El hecho de que utilizara la palabra «hija» enfureció a Maya: significaba que la había hecho ir a Praga para pedirle un favor.
– Más de dos años -dijo ella.
– ¿Dos años? -Alexi sonrió-. Pues creo que tendréis mucho de que hablar.
Thorn hizo un gesto con la mano, y el ruso cogió un escáner de una mesa cercana. Parecía uno de esos bastones que se usaban en los controles de seguridad de los aeropuertos, solo que había sido diseñado para detectar las pequeñas bolas localizadoras que usaba la Tabula. Las bolas tenían el tamaño de una perla y emitían una señal que podía ser detectada por los satélites GPS. Había bolas que emitían señales de radio y otras que lo hacían con infrarrojos.
– No pierdas el tiempo buscando cuentas. La Tabula no está interesada en mi persona.
– Únicamente estoy siendo precavido.
– Yo no soy una Arlequín, y ellos lo saben.
El escáner no emitió ninguna señal. Alexi salió de la estancia, y Thorn puso en marcha la silla. Maya sabía que su padre había ensayado mentalmente aquella conversación. Probablemente había empleado unas cuantas horas pensando qué ropa llevar y cómo disponer el mobiliario. Al diablo con todo. Iba a pillarlo por sorpresa.
– Tienes un sirviente muy agradable. -Se sentó en el sillón mientras Thorn rodaba hacia ella-. Francamente colorista.
Normalmente, en sus conversaciones privadas, hablaban en alemán, pero Thorn estaba haciéndole una concesión: Maya tenía pasaportes de distintas nacionalidades, pero esos días se consideraba británica.
– Ah, sí. Los tatuajes. -Su padre sonrió-. Alexi ha pedido a un especialista que le dibuje en el cuerpo una escena del Primer Dominio. No es muy agradable, pero la elección es suya.
– Sí. Todos tenemos libertad para elegir. Incluso los Arlequines.
– No pareces contenta de verme, Maya.
Ella había previsto mantener el control y mostrarse disciplinada, pero las palabras le salieron solas como un torrente.

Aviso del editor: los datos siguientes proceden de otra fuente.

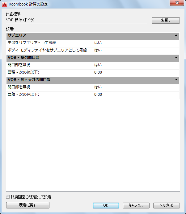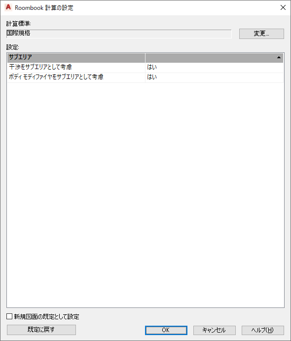 これで、定義されている計算標準が現在の設定となり、次回のルーム量計算に使用されます。

– Mira, te saqué de Pakistán. La verdad es que soborné o amenacé a casi todos los funcionarios del país con tal de meterte en aquel avión. Luego, en Dublín, Madre Bendita se hizo cargo. Y me pareció bien. Al fin y al cabo es su territorio. Al día siguiente la llamé por teléfono vía satélite y me dijo: «Tu padre está paralizado de cintura para abajo. No volverá a andar». Luego, me colgó y canceló su número de teléfono. Así, tal cual. Se acabó. Y durante dos años no he tenido noticias tuyas.
– Te estábamos protegiendo, Maya. Vivimos una época peligrosa.
– Eso díselo a ese jovencito de los tatuajes. Te he visto utilizar el peligro y la seguridad como excusas para cualquier cosa. Se han acabado las batallas. Ya no hay más Arlequines. En realidad sólo quedáis un puñado como tú, Linden y Madre Bendita.
– Shepherd vive en California.
– Tres o cuatro individuos no pueden cambiar nada. La guerra ha terminado. ¿No te das cuenta? La Tabula ha ganado. Nosotros hemos perdido. Wir habere verloren.